Centri disabili ancora chiusi, l’appello di mamma Elena

Sua figlia ha la sindrome di Asperger, da 3 mesi è a casa, senza le sue attività. "e strutture devono poter riaprire, ne va del benessere di tanti ragazzi"

Mamma Elena

Mamma Elena

Milano, 4 giugno 2020 - Ci sono stati giorni in cui Elena Palmerino ha dovuto togliere le chiavi dalle porte delle stanze di casa per evitare che sua figlia girasse la serratura e si autosegregasse in una di quelle stanze. Ce ne sono stati altri in cui ha dovuto ricorrere agli ansiolitici per calmarla. E altri ancora in cui nulla ha potuto contro le crisi di pianto della ragazza. Racconti di una quotidianità stravolta, racconti dai quali è necessario partire se si vuole capire quanto sia stato difficile per i bambini, i ragazzi e gli adulti disabili osservare l’obbligo di restare a casa, in questi tre mesi di emergenza sanitaria. E per capire, soprattutto, quanto sia importante, per loro e per i famigliari, che ora i centri sociosanitari e gli ambulatori per la disabilità riaprano come sta riaprendo la maggior parte delle attività. 

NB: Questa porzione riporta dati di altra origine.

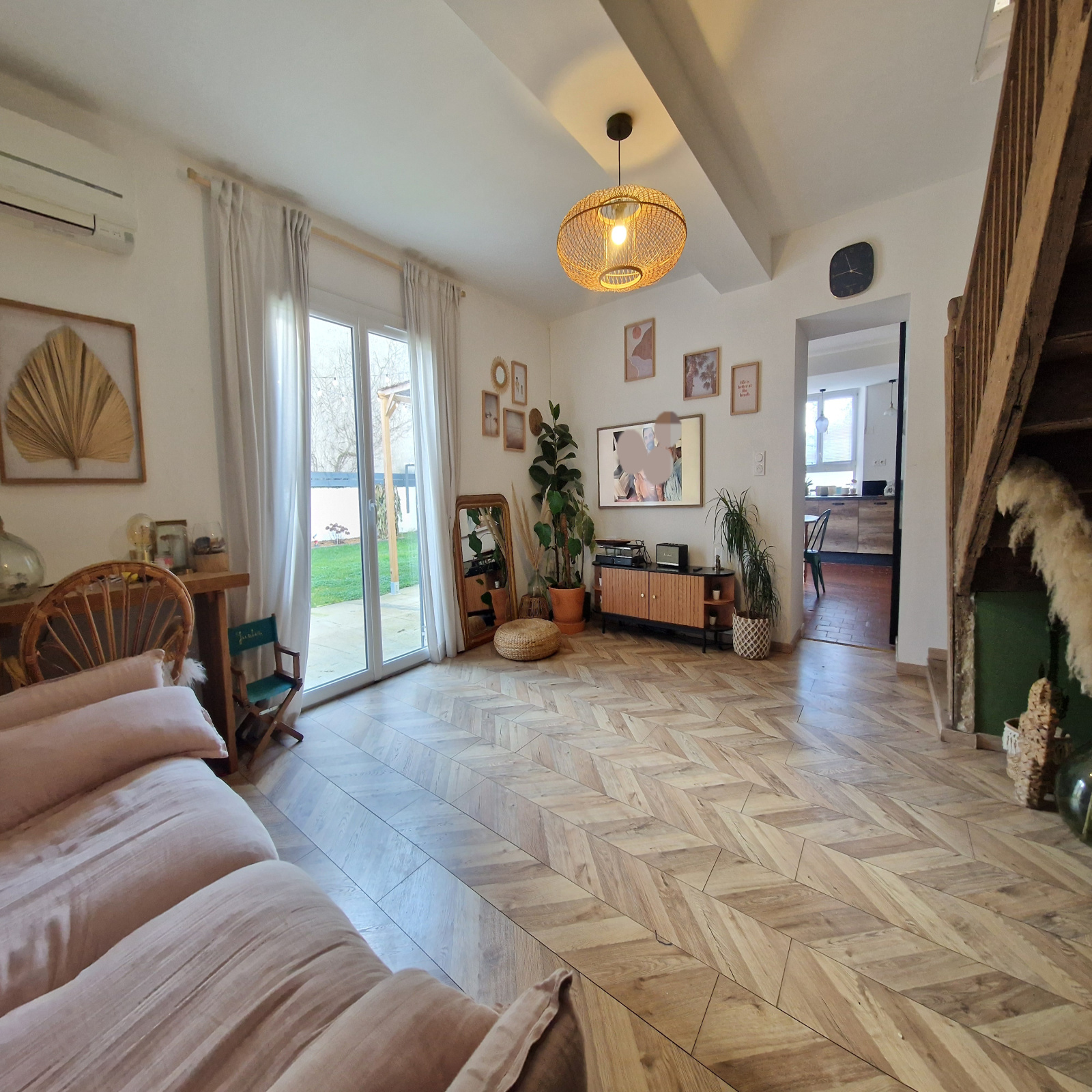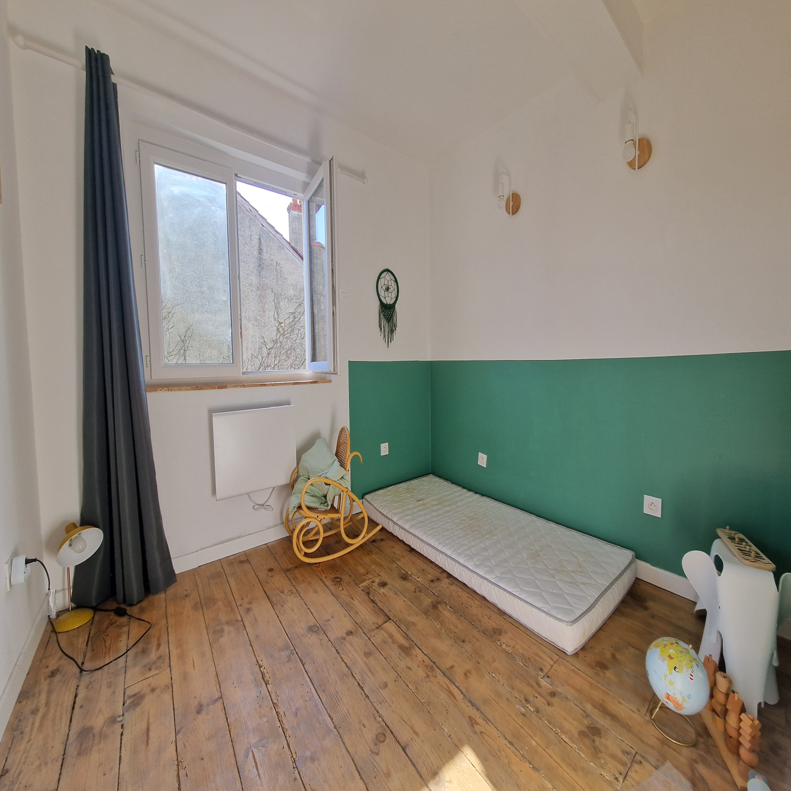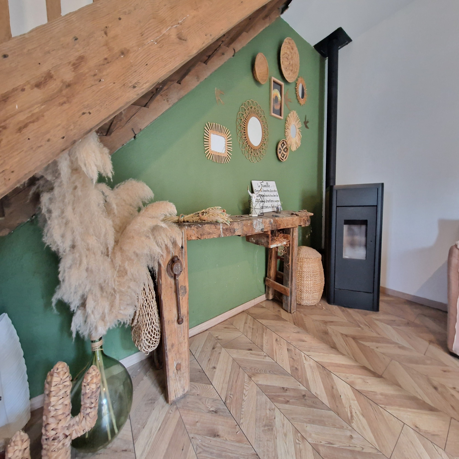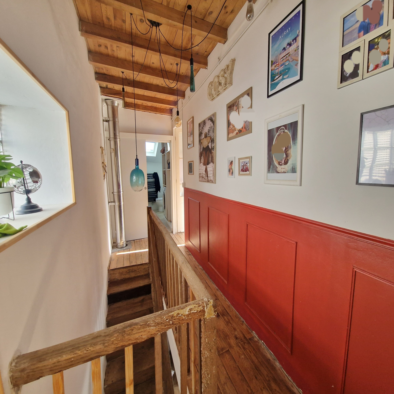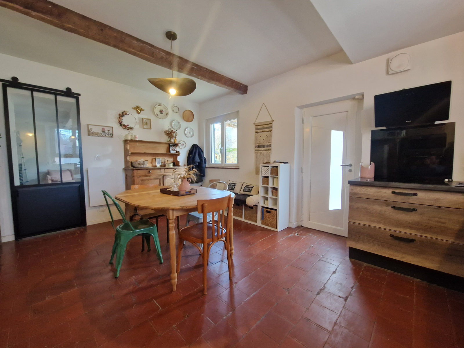 Maison de 90 m2 comprenant en rez de chaussée, une cuisine salle à manger et un salon avec poêle à grannulés. A l'étage, un couloir dessert deux chambres, un bureau, et une salle d'eau avec WC.

Non più tardi di lunedì, su queste pagine, abbiamo riportato il grido di allarme di alcune associazioni che hanno denunciato come la maggior parte dei centri per disabili in Lombardia sia ancora chiusa senza che iniziasse alcuna Fase 2 perché le linee guida approvate dalla Regione richiedono tempo per essere soddisfatte, richiedono coperture economiche al momento carenti e, terzo punto, in alcuni casi sono scarsamente attuabili. Elena e sua figlia rientrano tra quelle famiglie che non hanno ancora potuto ricominciare a frequentare il proprio centro diurno, nel caso specifico quello in via Boifava, quartiere Gratosoglio, gestito dal “Gruppo L’Impronta“.

La figlia di Elena ha 16 anni ed è portatrice della sindrome di Asperger, annoverata tra i disturbi dello spettro autistico. Proprio per questo la ragazza ha particolarmente bisogno che la sua quotidianità sia scandita da appuntamenti fissi, da attività regolari, da certezze. Da qui la difficoltà a rinunciare, ormai da tre mesi, a tutto quello che faceva parte delle sue giornate.  La scuola, innanzitutto: «Mia figlia frequenta l’istituto Kandinsky, è bravissima, le piace studiare, prende bei voti» racconta Elena. E poi gli educatori, i compagni e i laboratori del centro diurno: «L’Impronta fa un grandissimo lavoro con i ragazzi, mia figlia è coinvolta in più attività e sta bene quando è lì. Purtroppo, però, il centro non è ancora riuscito a riaprire e non per mancanza di volontà ma perché, mi hanno spiegato, le linee guida della Regione sono complicate da seguire. E allora – prosegue Elena – da mamma mi chiedo perché in questo Paese si sia riusciti ad aprire ogni tipo di attività, dai mercati rionali ai centri estetici, e non si è ancora riusciti a riaprire servizi essenziali come i centri per i disabili. Questa situazione non è più tollerabile, ne va del benessere di tanti ragazzi e di tante famiglie. Il caso di mia figlia – conclude Elena – non è tra i più gravi, ci sono madri e padri che devono affrontare problemi maggiori rispetto ai miei. Tutte queste famiglie meritano una risposta, il prima possibile, dalle istituzioni».